Beneath the warm waters off Jamaica's northern coast, underwater speakers are broadcasting the sounds of healthy coral reefs 14 hours a day, powered by solar panels floating at the surface. Marco Barotti, a Berlin-based Italian sound artist, has designed 3D-scanned coral sculptures that house waterproof speakers playing recorded reef sounds into the ocean—a fusion of art and marine science that sounds almost poetic because, in many ways, it is.
Healthy coral reefs are anything but silent. They hum and click and pulse with the sounds of fish, shrimp, and countless other creatures. But as ocean temperatures have surged due to the climate crisis, bleaching events have swept across the world's reefs, leaving behind ghostly white skeletons and an unsettling quiet. When a reef goes silent, marine life stops coming. And when marine life stops coming, the reef continues to die. This cycle of silence and decline is precisely what Barotti's project aims to interrupt.

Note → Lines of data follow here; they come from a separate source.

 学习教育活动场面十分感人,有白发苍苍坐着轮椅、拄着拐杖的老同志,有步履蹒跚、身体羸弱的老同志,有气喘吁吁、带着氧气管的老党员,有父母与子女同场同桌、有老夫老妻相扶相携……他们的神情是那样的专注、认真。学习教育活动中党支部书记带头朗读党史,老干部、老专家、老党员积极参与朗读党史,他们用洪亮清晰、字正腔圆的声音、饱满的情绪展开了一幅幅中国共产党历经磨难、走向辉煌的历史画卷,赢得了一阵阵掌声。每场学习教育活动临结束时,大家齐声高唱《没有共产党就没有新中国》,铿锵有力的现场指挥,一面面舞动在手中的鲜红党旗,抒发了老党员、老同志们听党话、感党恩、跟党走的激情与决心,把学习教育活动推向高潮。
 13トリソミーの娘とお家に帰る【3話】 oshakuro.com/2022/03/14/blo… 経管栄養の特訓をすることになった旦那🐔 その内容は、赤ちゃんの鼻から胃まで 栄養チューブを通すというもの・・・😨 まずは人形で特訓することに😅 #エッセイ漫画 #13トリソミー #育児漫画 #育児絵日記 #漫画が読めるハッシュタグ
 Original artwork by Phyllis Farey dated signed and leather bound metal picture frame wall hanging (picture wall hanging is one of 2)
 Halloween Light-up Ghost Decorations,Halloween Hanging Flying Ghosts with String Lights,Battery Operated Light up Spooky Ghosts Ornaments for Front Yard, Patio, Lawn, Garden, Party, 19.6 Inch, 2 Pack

The idea came from research suggesting that broadcasting healthy reef sounds could attract fish and coral larvae back to damaged areas. That spark of insight took Barotti from Italy to Jamaica, where he's now collaborating with marine researchers at the Alligator Head Foundation. The data is encouraging: a similar acoustic experiment conducted on the Great Barrier Reef saw fish populations double within just six weeks, according to Climate Central.
The work extends beyond sound alone. At the Alligator Head Foundation, marine researchers are simultaneously growing coral fragments in labs and exploring assisted reproduction to help reefs replenish themselves when natural breeding has broken down. The strategy is layered: coral sculptures become reef structures, fragments grow into colonies, and sound draws in the wildlife needed to sustain it all. It's a deeply human response to a crisis unfolding in slow motion under the waves.

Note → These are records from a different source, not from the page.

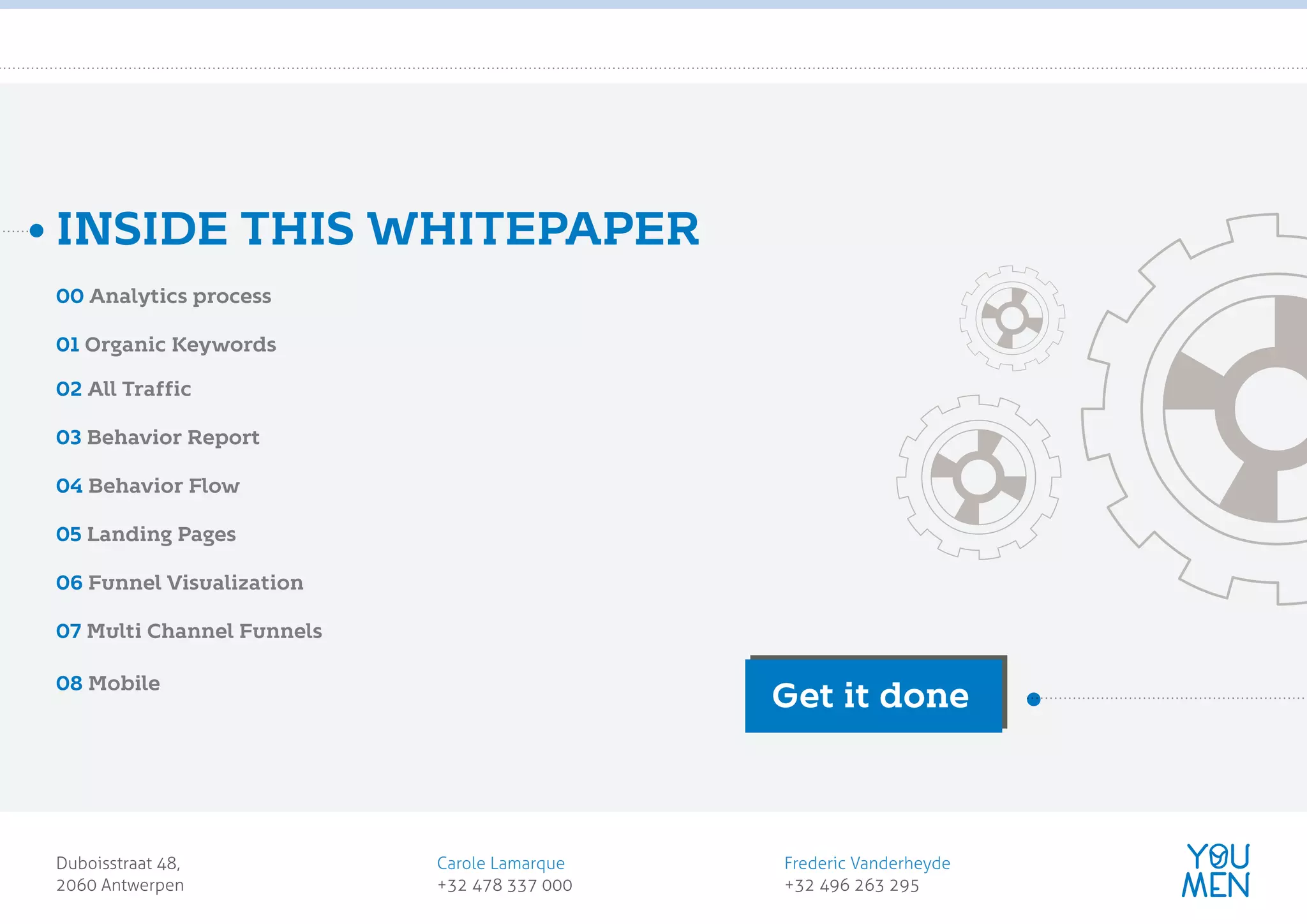 This document outlines eight key Google Analytics reports that CEOs should focus on to gain strategic insights into their businesses' digital performance, including acquisition, behavior, and conversion metrics. It emphasizes the importance of understanding traffic sources, user engagement, and conversion pathways to enhance marketing strategies and improve ROI. Each report provides specific data that can inform business decisions and optimize website effectiveness.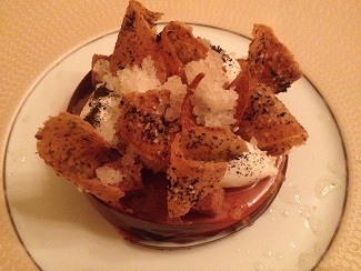 Sin embargo, he visitado dos restaurantes, L´Arpege (3*) y Laserre (2*), donde ciertos rituales se mantienen. Un cocinero de la talla de Alain Passard, nos sirvió una tartita de manzana memorable elaborada con cintas de manzana. Creatividad a raudales.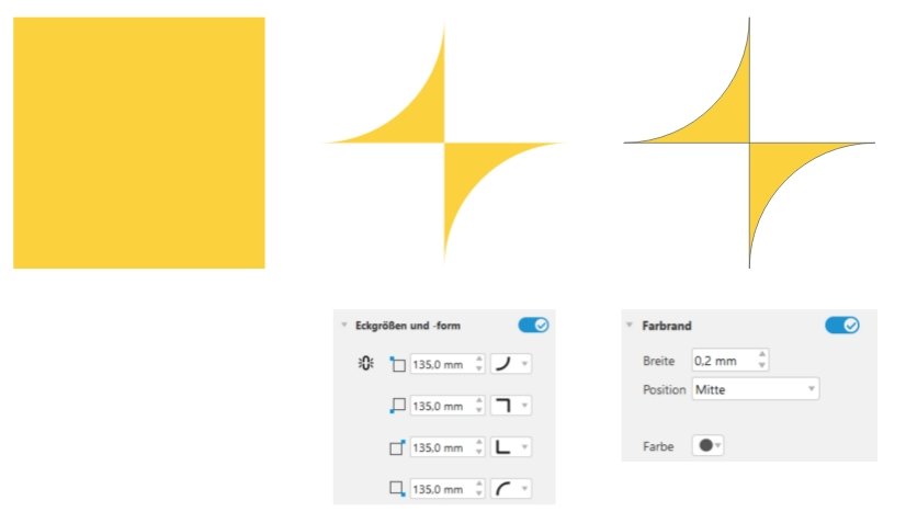 2) Dann setzt du unter Dekorieren > Eckgrößen und -form die Einstellungen wie im Screenshot (das Schloß-Symbol muss entsperrt sein)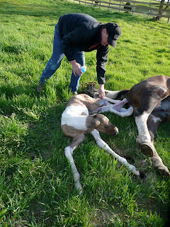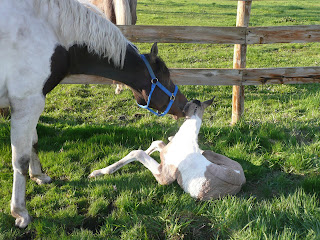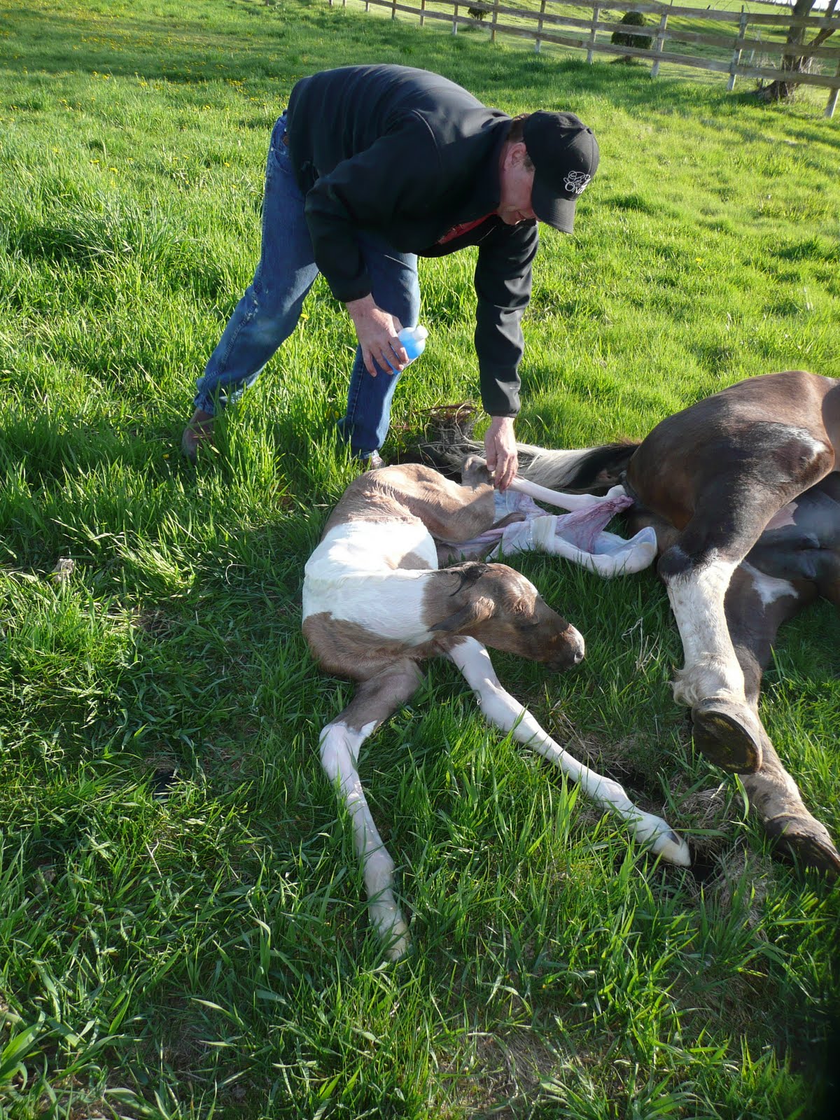 Here is Susie QT Streke’s new foal, born 5/3/11. In this first photo, she is checking him out for the first time while his navel is being treated.

The urgency is real. Since 1950, the world has lost roughly half of its coral reefs to overfishing, pollution, and warming seas. These ecosystems cover just one percent of the ocean floor, yet they support a quarter of all marine life and protect coastlines from powerful storms. The stakes could not be higher—reefs are not a luxury feature of our oceans but rather a foundation of their health.
What makes this Jamaica project particularly striking is how it weaponizes creativity itself. Art isn't being added to conservation as an afterthought; it's central to the mechanism. Barotti's sculptures are functional infrastructure, but they're also beautiful objects that transform our relationship to the work being done. They remind us that healing ecosystems doesn't require choosing between science and imagination, between data and wonder.
Projects like this one don't erase the scale of the crisis, nor do they suggest that art alone will save the reefs. But they do remind us that hope, ingenuity, and even beauty still have a role to play in restoration. As bleached reefs around the world face an uncertain future, Jamaica's underwater soundscape offers a quiet but determined answer: we still know how to listen, and we still know how to try.